See the bootstrap example notebook for examples of bootstrapping the Sharpe ratio and a Probit model from statsmodels.

# Import data
import datetime as dt
import pandas as pd
import numpy as np
import pandas_datareader.data as web
start = dt.datetime(1951,1,1)
end = dt.datetime(2014,1,1)
sp500 = web.get_data_yahoo('^GSPC', start=start, end=end)
start = sp500.index.min()
end = sp500.index.max()
monthly_dates = pd.date_range(start, end, freq='M')
monthly = sp500.reindex(monthly_dates, method='ffill')
returns = 100 * monthly['Adj Close'].pct_change().dropna()

# Function to compute parameters
def sharpe_ratio(x):
    mu, sigma = 12 * x.mean(), np.sqrt(12 * x.var())
    return np.array([mu, sigma, mu / sigma])

# Bootstrap confidence intervals
from arch.bootstrap import IIDBootstrap
bs = IIDBootstrap(returns)
ci = bs.conf_int(sharpe_ratio, 1000, method='percentile')

Multiple Comparison Procedures

  • Test of Superior Predictive Ability (SPA), also known as the Reality Check or Bootstrap Data Snooper
  • Stepwise (StepM)
  • Model Confidence Set (MCS)

See the multiple comparison example notebook for examples of the multiple comparison procedures.

Long-run Covariance Estimation

Kernel-based estimators of long-run covariance including the Bartlett kernel which is known as Newey-West in econometrics. Automatic bandwidth selection is available for all of the covariance estimators.

from arch.covariance.kernel import Bartlett
from arch.data import nasdaq
data = nasdaq.load()
returns = data[["Adj Close"]].pct_change().dropna()

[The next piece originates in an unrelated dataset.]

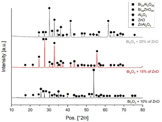 The ceramic surfaces coated with the interlayer and sintered at 750 °C were examined by XRD as well to investigate further the bonding reactions that occur. The peaks were matched to phases using the Highscore plus software (Figure 7). The XRD spectra of Bi38ZnO58 and Bi24Al2O39 are very similar, with differences mostly in peak intensities at the 2θ values. As a result, some of the peaks were assigned to both phases. In the samples with more ZnO (i.e., samples with 15% and 25% ZnO), the Bi38ZnO58 peak had the highest intensity. Meanwhile, in the sample with only 10% ZnO, the peak assigned to the Bi24Al2O39 phase had the highest intensity. The XRD pattern also detects the presence of alumina and ZnO. ZnAl2O4 seems to be scarcely present; however, the presence of this phase might be masked by the predominant peak intensities associated with the Bi38ZnO58/Bi24Al2O39 phases. Moreover, these spectra were acquired on the surface of the applied interlayer, which was not in contact with alumina. Therefore, it is possible that there was less interaction between the alumina and the part of the interlayer that was analyzed by XRD and Raman. The chemical compositions of the three interlayers after thermal treatment are quite similar to each other. Besides the detected starting materials ZnO, Bi2O3 and Al2O3, the results show the presence of Bi38ZnO58 and Bi24Al2O39. Nevertheless, it is interesting to note that different concentrations of ZnO result in differences in the relative peak intensities of the three interlayers. The spectrum of ceramic coated with Bi2O3 and 25% weight of ZnO has peaks that can be assigned to ZnAl2O4.

cov_est = Bartlett(returns ** 2)
# Get the long-run covariance
cov_est.cov.long_run

Requirements

These requirements reflect the testing environment. It is possible that arch will work with older versions.

  • Python (3.9+)
  • NumPy (1.19+)
  • SciPy (1.5+)
  • Pandas (1.1+)
  • statsmodels (0.12+)
  • matplotlib (3+), optional

Optional Requirements

  • Numba (0.49+) will be used if available and when installed without building the binary modules. In order to ensure that these are not built, you must set the environment variable ARCH_NO_BINARY=1 and install without the wheel.
export ARCH_NO_BINARY=1
python -m pip install arch

or if using Powershell on windows

$env:ARCH_NO_BINARY=1
python -m pip install arch
  • jupyter and notebook are required to run the notebooks

Installing

Standard installation with a compiler requires Cython. If you do not have a compiler installed, the arch should still install. You will see a warning but this can be ignored. If you don't have a compiler, numba is strongly recommended.

pip

Releases are available PyPI and can be installed with pip.

pip install arch

You can alternatively install the latest version from GitHub

pip install git+https://github.com/bashtage/arch.git

Setting the environment variable ARCH_NO_BINARY=1 can be used to disable compilation of the extensions.

Anaconda

conda users can install from conda-forge,

conda install arch-py -c conda-forge

Note: The conda-forge name is arch-py.

Windows

Building extension using the community edition of Visual Studio is simple when using Python 3.8 or later. Building is not necessary when numba is installed since just-in-time compiled code (numba) runs as fast as ahead-of-time compiled extensions.

Developing

The development requirements are:

  • Cython (0.29+, if not using ARCH_NO_BINARY=1, supports 3.0.0b2+)
  • pytest (For tests)
  • sphinx (to build docs)
  • sphinx-immaterial (to build docs)
  • jupyter, notebook and nbsphinx (to build docs)

Installation Notes

  1. If Cython is not installed, the package will be installed as-if ARCH_NO_BINARY=1 was set.
  2. Setup does not verify these requirements. Please ensure these are installed.